About this exercise: When you reach the line containing "Aqua Alta High" in the entries below, begin reproducing lines exactly, and stop once the line containing "首先由总经理林茂先企业发展和" is done.

Data for this exercise:
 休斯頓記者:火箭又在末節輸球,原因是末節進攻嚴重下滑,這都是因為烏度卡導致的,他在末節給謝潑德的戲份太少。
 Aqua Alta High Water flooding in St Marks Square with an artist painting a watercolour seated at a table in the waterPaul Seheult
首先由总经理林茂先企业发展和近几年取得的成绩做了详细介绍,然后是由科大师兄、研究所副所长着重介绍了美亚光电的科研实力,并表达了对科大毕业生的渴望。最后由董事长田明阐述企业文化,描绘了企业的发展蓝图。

--

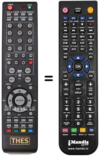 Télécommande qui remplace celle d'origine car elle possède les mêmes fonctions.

* * *

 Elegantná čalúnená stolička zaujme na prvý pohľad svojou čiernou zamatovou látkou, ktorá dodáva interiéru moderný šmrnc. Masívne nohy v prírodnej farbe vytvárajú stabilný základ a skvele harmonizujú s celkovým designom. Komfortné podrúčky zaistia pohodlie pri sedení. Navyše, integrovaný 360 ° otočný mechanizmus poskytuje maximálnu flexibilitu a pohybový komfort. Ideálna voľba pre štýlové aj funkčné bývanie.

Exercise solution:
 Aqua Alta High Water flooding in St Marks Square with an artist painting a watercolour seated at a table in the waterPaul Seheult
首先由总经理林茂先企业发展和近几年取得的成绩做了详细介绍,然后是由科大师兄、研究所副所长着重介绍了美亚光电的科研实力,并表达了对科大毕业生的渴望。最后由董事长田明阐述企业文化,描绘了企业的发展蓝图。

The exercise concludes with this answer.